As for the reveal, I understand what you mean, but that was part of the point, was that it was something random, something pointless. It was just bad luck, nothing more, and it's something that could and still can happen to Suzu any day.
Ascended Flutist wrote:Upcoming bigass plot point aside, this really opened my eyes to Suzu's plight. God what a horrible condition.
I'm glad that's something people picked up on. Narcolepsy is a very serious condition that, depending on the severity, can ruin people's lives. As cute as it admittedly is sometimes, I still hope that I've been able to treat the subject with the respect it deserves.
Ascended Flutist wrote:“Beautiful, doting wife!” My dad calls as we remove our shoes in the entrance hall. “I have returned with our errant daughter and her chosen mate!”
I'm intending to save this for when I'm married and with a daughter. Do you mind awfully if I do?
That makes two of us.
Ascended Flutist wrote:You know. It's funny. I'd more or less guessed what that was going to be about. I, for all intent and purposes, knew it. And yet, actually reading is, well. Powerful. Liberating. Devoid of the liberating emptiness after pain. A high point.
It's on par with the high points of Emi, Rin or Hanako's route in my book. Excellent. Fitting.
It's in moments like this that I'm really glad I discovered you fic.
So yeah.
Keep being you.
The execution was more important to get right than the content at that point, because of how many hints I had thrown out earlier in the chapter and in previous ones (in fact, if you have the time, I would suggest anyone going back and reading some of the earlier chapters and seeing some things that make a little more sense now). Thank you. I'm glad you enjoyed what was perhaps long overdue.

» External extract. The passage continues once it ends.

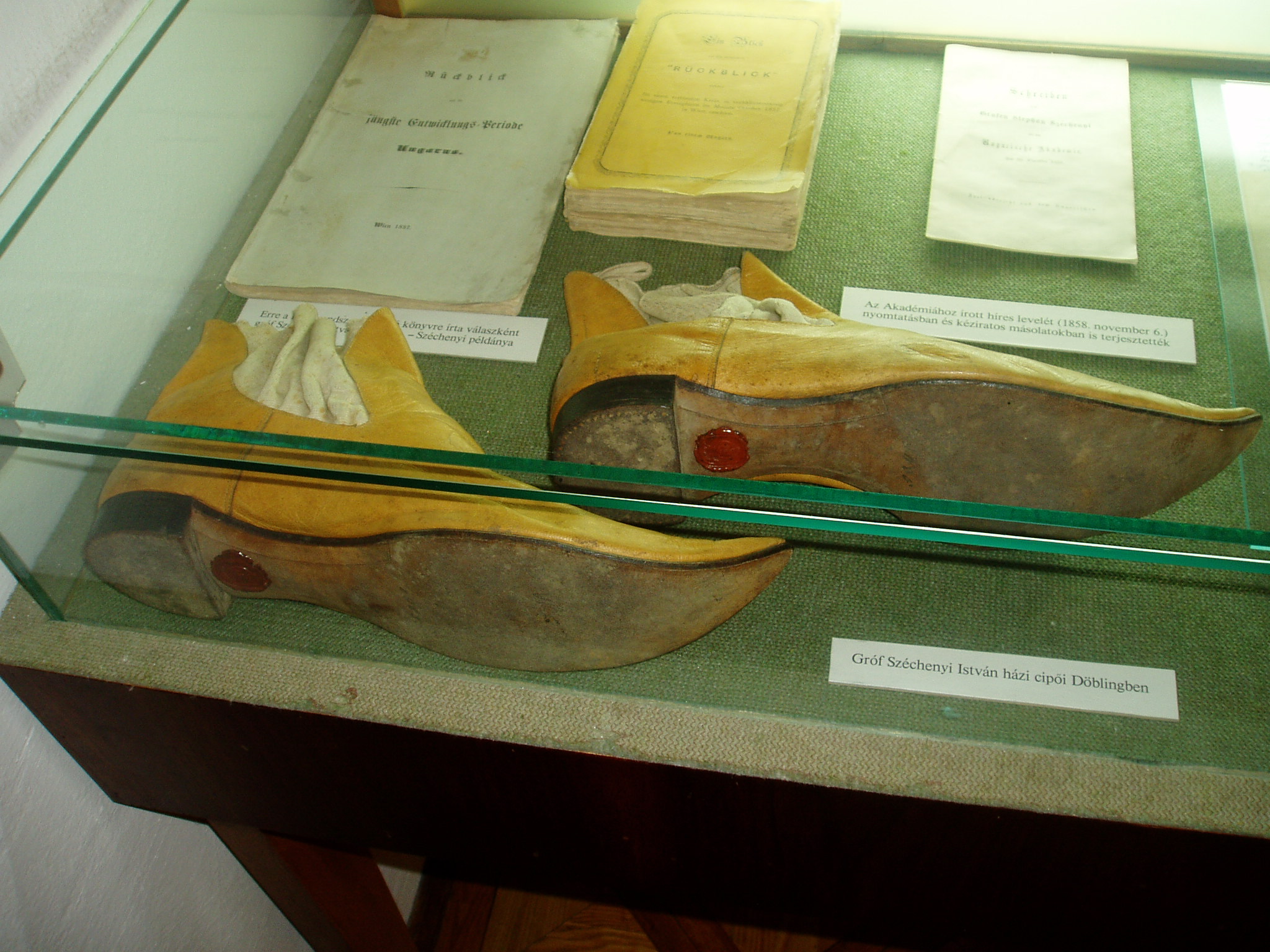 Nyilvános 1313 | 2195 | Nagycenk, Széchenyi-kastély | A barokk kastély építészeti szempontból is érdekes. Kiemelt jelentőségét azonban az adja, hogy itt élt a "legnagyobb magyarként" tisztelt Széchenyi István. A kastély ma emlékmúzeum. Az előcsarnok márvány mozaikpadlója és kandallója a kastély eredeti értékei közé tartozik. Az alsó szinten az életutat követhetjük nyomon. Az egybenyíló termek sorában elhelyezett tárgyak közül több közvetlenül Széchenyi Istvánhoz kötődik, így dolgozószobájának bútorai és íróasztala. A képen látható virtinben helyezték el Széchenyi István Döblingben használt házicipőjét más relikviák társaságában. A fénykép 2005 júliusában készült. Felh. irod.: Látnivalók Győr-Moson-Sopron megyében. Miskolc, Well-PRess, 2000 |

Those are both great, thank you, Doomish. I think I agree that I like the one without words better, though.
As far as the guilt goes, Flutist put it pretty well, but yes, Suzu is also being emotional and irrational, something that I hope doesn't come as too much of a surprise. In her mind though, it wouldn't have happened if she hadn't wanted to go to the city that day, which is technically true. I tried to get across that she had built him up in her mind, he wasn't just her brother, he was her hero, and that "If he could do it, I could do it" line is actually extremely important. Remember that
her brother didn't graduate.
Lumi wrote:
Thank you. I will gladly link it at the end of the chapter, if you're okay with that.
Thank you for reading and posting your thoughts, everyone. We're almost done with Act 3, now.